● Problem description: Quote only the lines that start at the line with "PAREJAS ROMANTICAS: Eddie" and run to the end of the entries; omit the pictures.

Entries taken from a collection
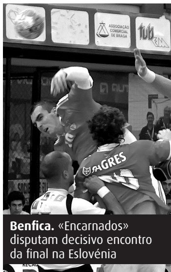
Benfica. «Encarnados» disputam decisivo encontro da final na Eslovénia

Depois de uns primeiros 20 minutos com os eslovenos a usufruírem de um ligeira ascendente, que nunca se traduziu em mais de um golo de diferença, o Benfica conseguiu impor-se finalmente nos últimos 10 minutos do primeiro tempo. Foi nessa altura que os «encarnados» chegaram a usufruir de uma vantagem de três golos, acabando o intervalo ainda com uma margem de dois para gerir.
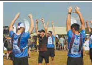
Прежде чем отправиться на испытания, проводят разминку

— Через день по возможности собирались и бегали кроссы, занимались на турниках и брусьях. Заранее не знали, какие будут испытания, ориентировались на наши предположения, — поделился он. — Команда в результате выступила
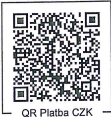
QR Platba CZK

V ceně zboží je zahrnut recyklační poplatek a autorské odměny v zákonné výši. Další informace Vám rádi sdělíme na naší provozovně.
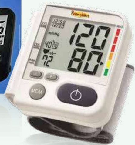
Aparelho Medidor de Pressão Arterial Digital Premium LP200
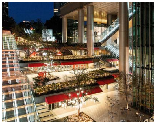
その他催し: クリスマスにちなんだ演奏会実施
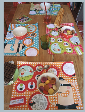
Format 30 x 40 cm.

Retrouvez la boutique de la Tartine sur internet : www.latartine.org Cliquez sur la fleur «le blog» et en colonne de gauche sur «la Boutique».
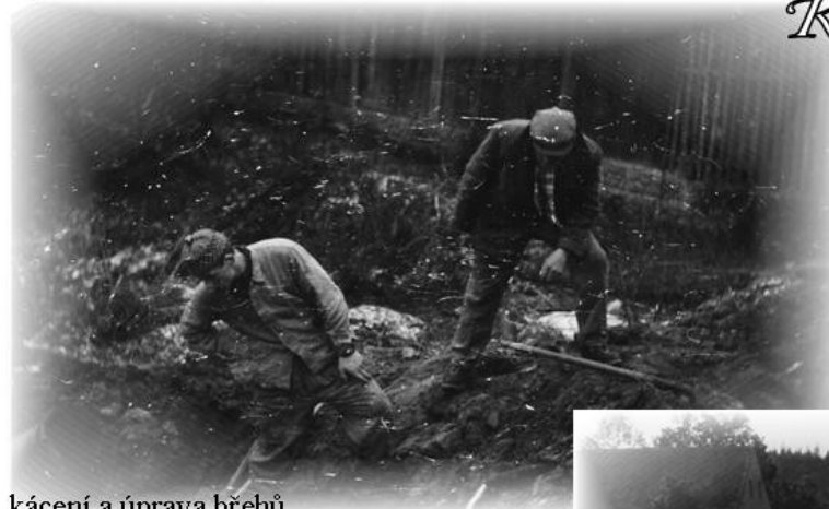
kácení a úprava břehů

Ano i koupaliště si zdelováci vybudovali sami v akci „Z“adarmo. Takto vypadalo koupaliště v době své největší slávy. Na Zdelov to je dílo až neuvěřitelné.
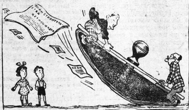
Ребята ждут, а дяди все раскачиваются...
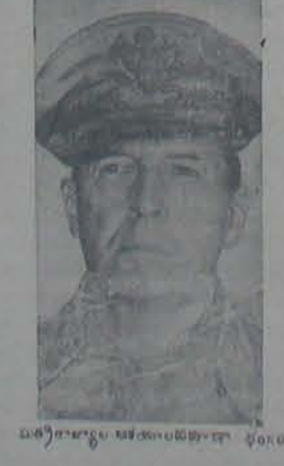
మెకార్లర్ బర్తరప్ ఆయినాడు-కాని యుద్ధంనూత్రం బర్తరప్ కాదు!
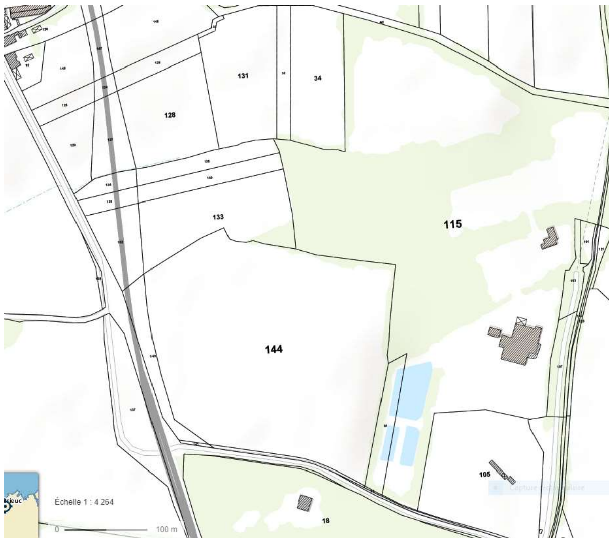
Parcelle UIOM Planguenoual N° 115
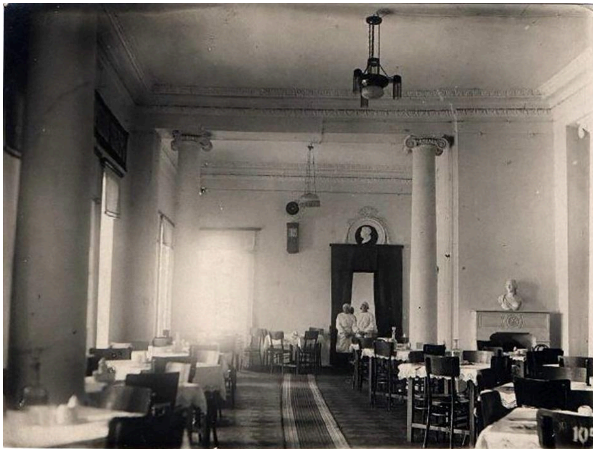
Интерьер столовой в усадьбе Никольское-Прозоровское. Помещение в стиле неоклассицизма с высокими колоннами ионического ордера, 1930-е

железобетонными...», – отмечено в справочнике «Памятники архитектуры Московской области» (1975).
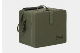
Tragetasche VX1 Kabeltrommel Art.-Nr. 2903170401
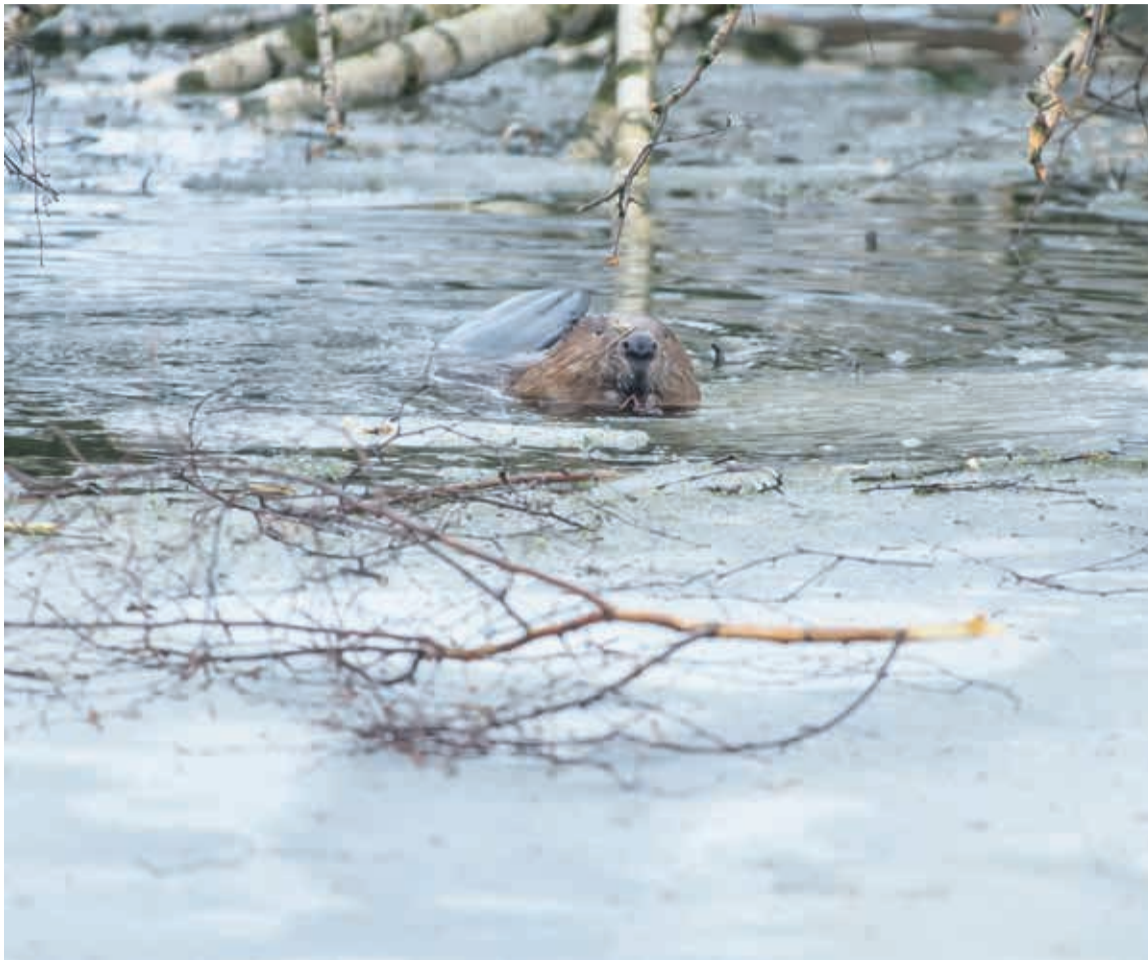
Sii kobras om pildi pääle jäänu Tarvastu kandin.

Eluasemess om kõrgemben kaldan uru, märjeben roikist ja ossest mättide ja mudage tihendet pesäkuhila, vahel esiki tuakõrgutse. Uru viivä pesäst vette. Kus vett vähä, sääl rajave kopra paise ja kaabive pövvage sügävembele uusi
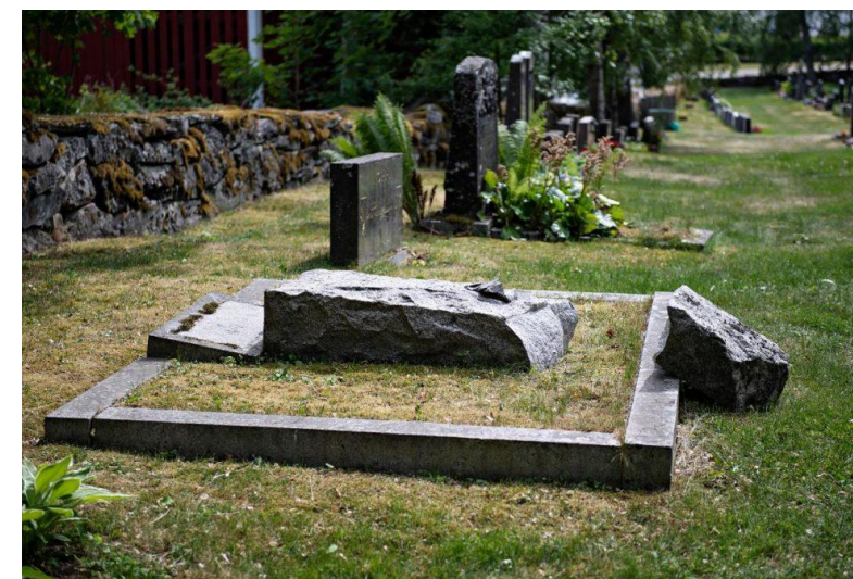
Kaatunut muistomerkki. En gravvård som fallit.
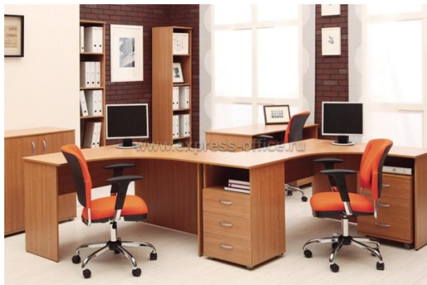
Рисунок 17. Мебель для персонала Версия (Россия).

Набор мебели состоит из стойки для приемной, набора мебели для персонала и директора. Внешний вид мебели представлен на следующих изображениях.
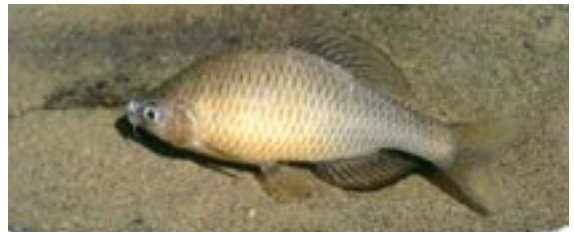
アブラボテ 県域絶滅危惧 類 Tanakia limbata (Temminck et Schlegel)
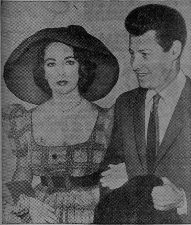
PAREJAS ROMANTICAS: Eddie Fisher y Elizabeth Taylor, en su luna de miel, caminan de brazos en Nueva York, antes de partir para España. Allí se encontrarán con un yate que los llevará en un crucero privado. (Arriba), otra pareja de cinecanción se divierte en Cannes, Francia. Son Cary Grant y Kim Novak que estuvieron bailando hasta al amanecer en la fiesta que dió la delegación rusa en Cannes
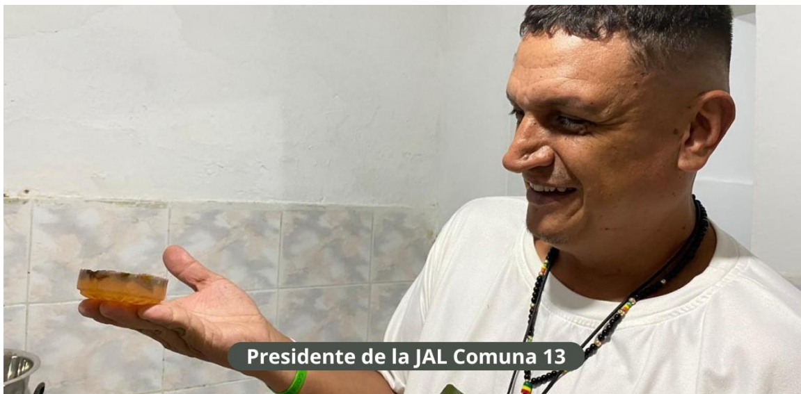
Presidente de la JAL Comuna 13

● Answer for the task:
PAREJAS ROMANTICAS: Eddie Fisher y Elizabeth Taylor, en su luna de miel, caminan de brazos en Nueva York, antes de partir para España. Allí se encontrarán con un yate que los llevará en un crucero privado. (Arriba), otra pareja de cinecanción se divierte en Cannes, Francia. Son Cary Grant y Kim Novak que estuvieron bailando hasta al amanecer en la fiesta que dió la delegación rusa en Cannes
Presidente de la JAL Comuna 13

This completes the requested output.